Inside OpenAI's In-House Data Agent
OpenAI describes the architecture and capabilities of an internal AI data agent built on GPT-5 and Codex, designed to reason over large datasets and return reliable analytical insights within minutes. The system incorporates memory components to handle complex, multi-step data queries at scale. This represents a concrete internal deployment of frontier models in an agentic, tool-using workflow. The post offers a rare look at how OpenAI itself operationalizes its own models for enterprise-style data analysis.
Practices for Governing Agentic AI Systems
OpenAI published a framework document outlining governance practices for agentic AI systems. The piece addresses how to manage AI agents that take sequences of actions, make decisions, and operate with varying degrees of autonomy. It likely covers topics such as human oversight, authorization boundaries, and accountability structures for agentic deployments.
Ada Uses GPT-4 to Deliver a New Customer Service Standard
Ada, a customer service platform, has integrated GPT-4 to power its AI-driven support capabilities. The announcement, published on OpenAI's blog, highlights the deployment of GPT-4 in an enterprise customer service context. This represents a concrete enterprise deployment case study for GPT-4 in production customer-facing workflows.
OpenAI launches Frontier agent orchestration platform to select enterprise customers
OpenAI announced Frontier, an enterprise platform for orchestrating, building, evaluating, and managing fleets of AI agents across corporate environments. The platform provides a unified UI for agent identity management, context sharing, performance evaluation, and memory across frameworks and models. Cisco, T-Mobile, HP, Intuit, and Uber are among early pilot and selected customers, with broader availability planned. The launch positions OpenAI in direct competition with Microsoft's Agent 365 in the emerging agent-management category.

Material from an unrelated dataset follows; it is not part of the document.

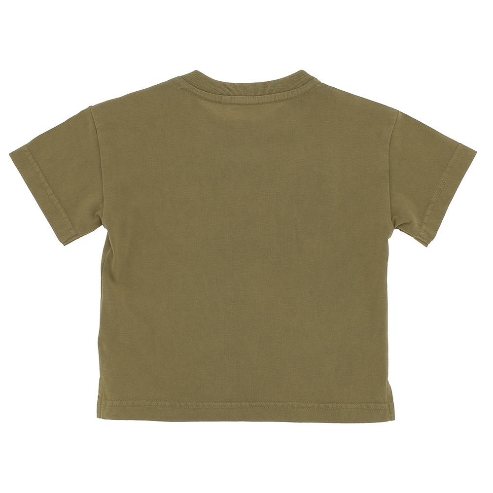 T-shirt oversize, girocollo a maniche corte, in jersey. Chiusura con bottoni automatici sulla spalla. Stampa frontale.

Unlocking Agentic RL Training for GPT-OSS: A Practical Retrospective
A Hugging Face blog post authored by LinkedIn describes practical lessons from implementing reinforcement learning training for agentic open-source GPT-class models. The retrospective covers engineering and algorithmic challenges encountered when applying RL to agentic workflows. As a tier-2 source with no body content available, the depth and specific findings cannot be fully assessed, but the topic sits at the intersection of agentic systems and RLHF/RL training pipelines.
Resolving digital threats 100x faster with OpenAI
Outtake, a cybersecurity company, uses GPT-4.1 and OpenAI o3 to build AI agents that detect and resolve digital threats. The company claims a 100x speed improvement over previous approaches. This is a brief case study published on the OpenAI blog highlighting enterprise deployment of frontier models in security workflows.